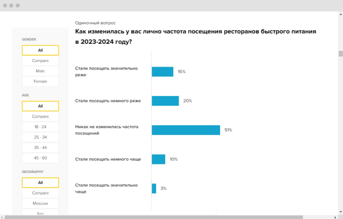Мы опросили мужчин и женщин в возрасте от 18 до 60 лет, проживающих в городах России с населением более 100 тысяч человек. Выяснилось, что более чем три четверти аудитории посещают рестораны быстрого питания не реже раза в месяц — этот показатель значительно не изменился по сравнению с 2023 г. При этом женщины стали ходить в рестораны быстрого питания реже (44%), чем мужчины (28%).
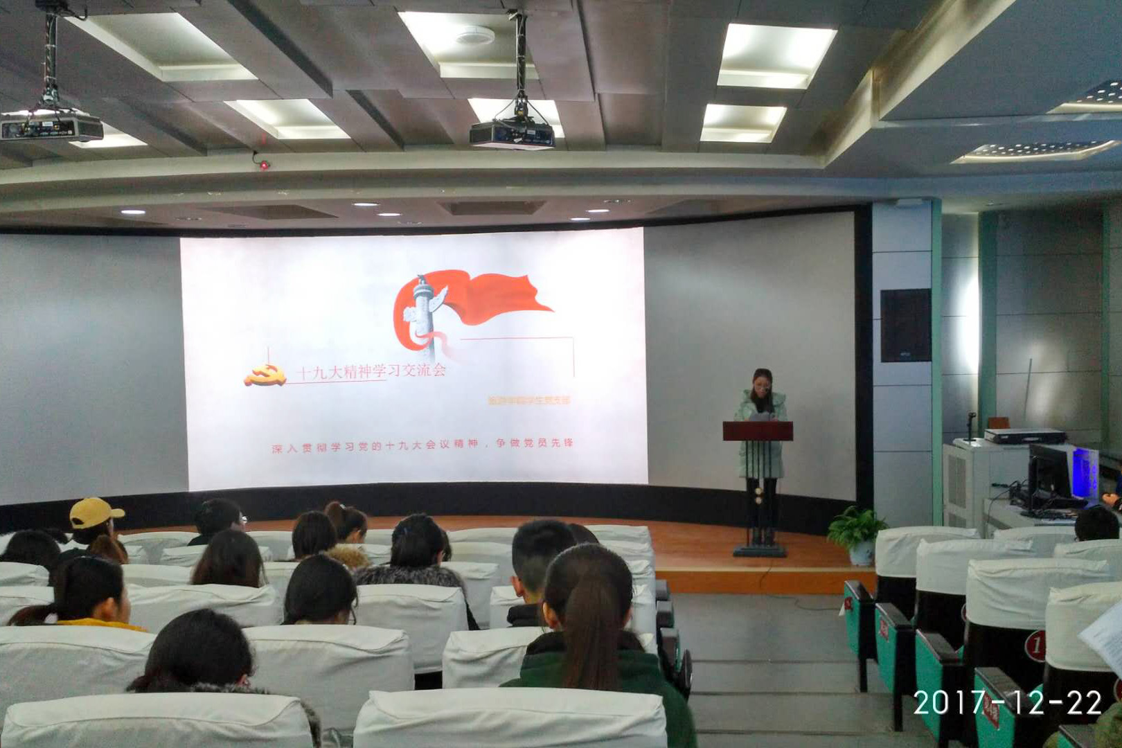 12月22日下午,旅游学院在校本部第一学术报告厅召开学生支部学习十九大精神交流会。
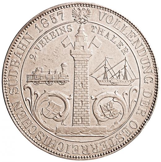 2 tolar 1857 A, spolkový, Jižní dráha, 37,0 g, n. hr., n. škr.
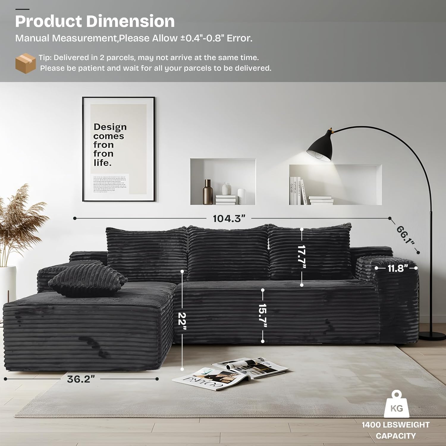 - Compressible & Space-Smart Design: Ultra-lightweight foam core compresses to 1/4 size for effortless moving through narrow doors or stairs – ideal for apartments, dorms, and renters. Expands to a stylish L-shaped sofa in hours, blending seamlessly with modern living rooms or cozy bedroom decor
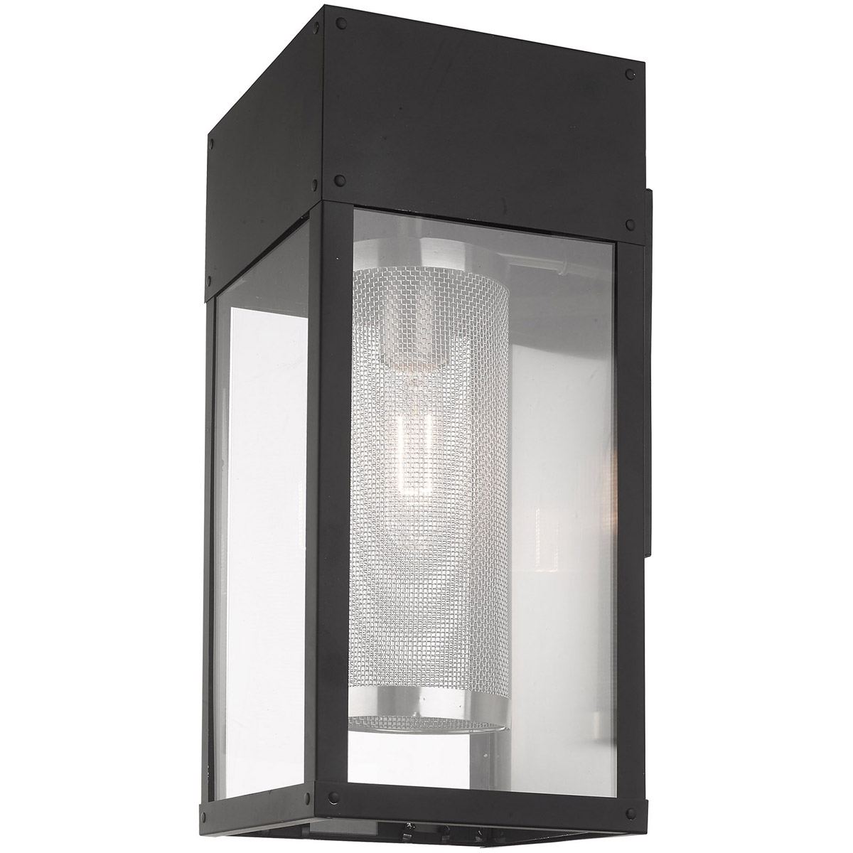 The stainless steel build of the Franklin outdoor wall lantern will ensure reliability outside your home. The black finish is neutral and decorative, and will complement outer clear glass. The inside stainless steel mesh cylinder is the distinct detail in the design, and offers an eye-catching aspect to the appearance.
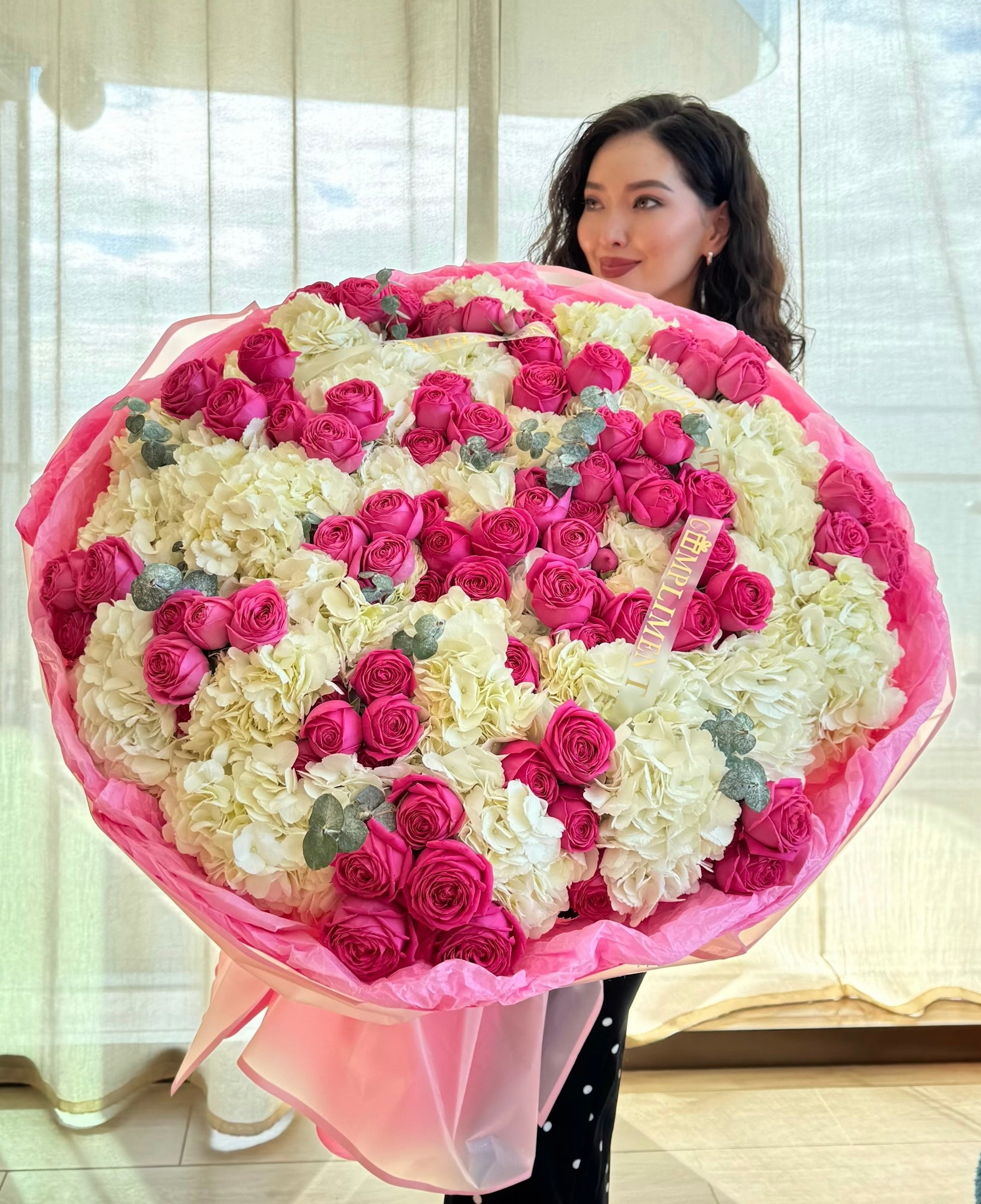 Bouquet with : whire hydrangeas & hot pink peony spray roses& eucalyptus . Size : XL
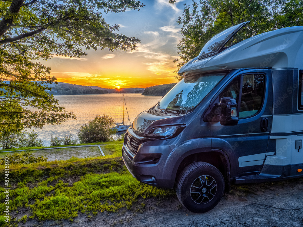Sunset over Lac de Vassivière - Motor Home at Sunset by the Lake
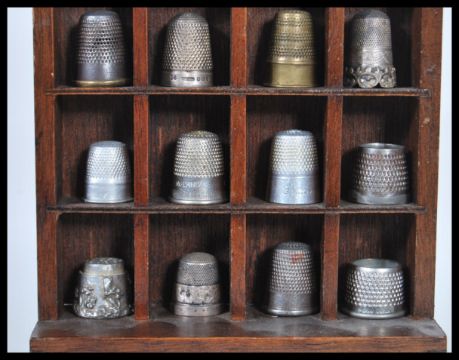 A collection of silver, hallmarked silver and silver plated thimbles all contained within a miniature wooden dresser. Measures 21cm high by 13cm wide.
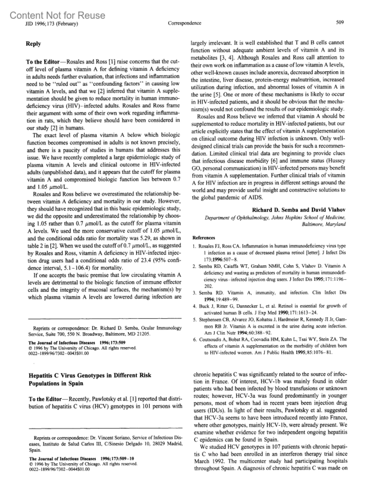 Inflammation in Human Immunodeficiency Virus Type 1 Infection as a Cause of Decreased Plasma RetinolSemba, Richard D.Vlahov, DavidAuthor informationDepartment of Ophthalmology, Johns Hopkins School of Medicine, Baltimore, MarylandReprints or correspondence: Dr. Richard D. Semba, Ocular Immunology Service, Suite 700, 550 N. Broadway, Baltimore, MD 21205.All rights reserved.0022-1899/96/7302-0043$01.00Journal of Infectious Diseases 173(2):p 509, February 1996.Copyright © Copyright Oxford University Press 1996.
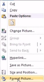 Left Mouse click on the image, right Mouse click, click on Format Picture (image below).
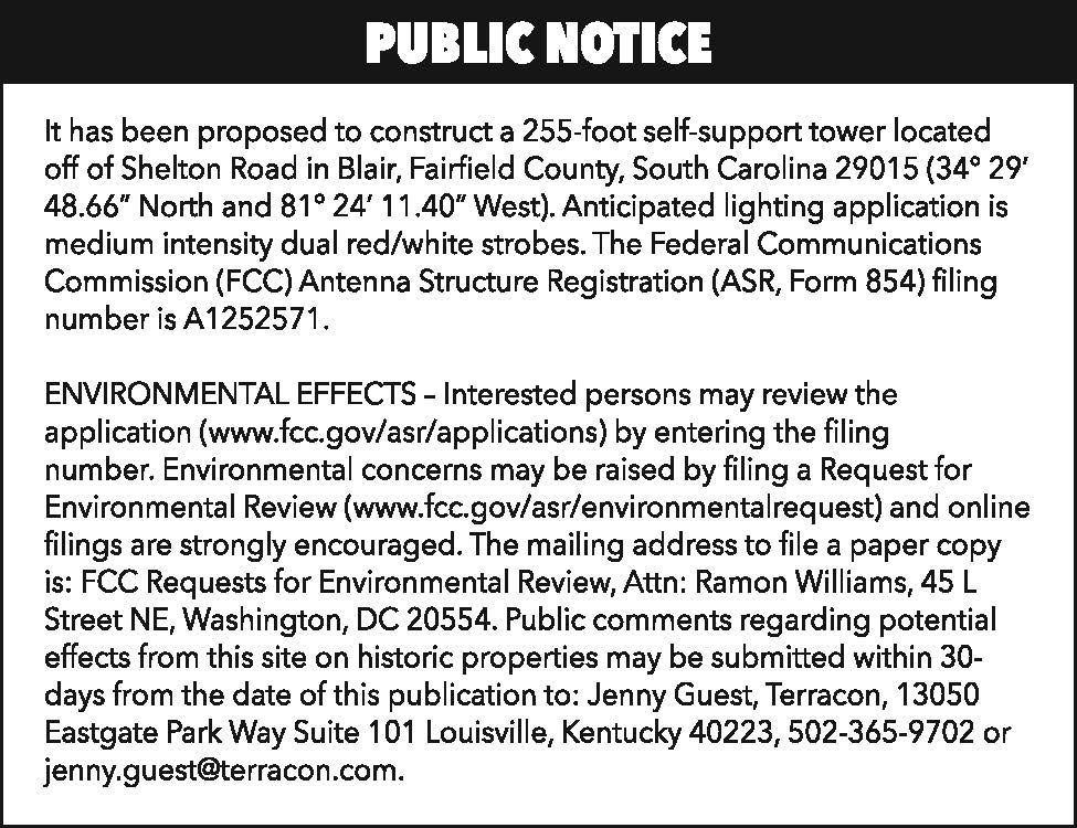 Public Notice: Tower in Blair
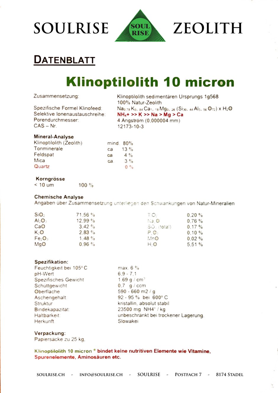 Klinoptilolith 10 Mikron bindet keine nutritiven Elemente wie Vitamine, Spurenelemente, Aminosäuren etc.

_TASK STATEMENT_
Within the material above, find the part that opens with the line containing "12月22日下午,旅游学院在" and closes with the line containing "2 tolar 1857", and reproduce it exactly without the pictures.

_ANSWER BOX_
 12月22日下午,旅游学院在校本部第一学术报告厅召开学生支部学习十九大精神交流会。
 2 tolar 1857 A, spolkový, Jižní dráha, 37,0 g, n. hr., n. škr.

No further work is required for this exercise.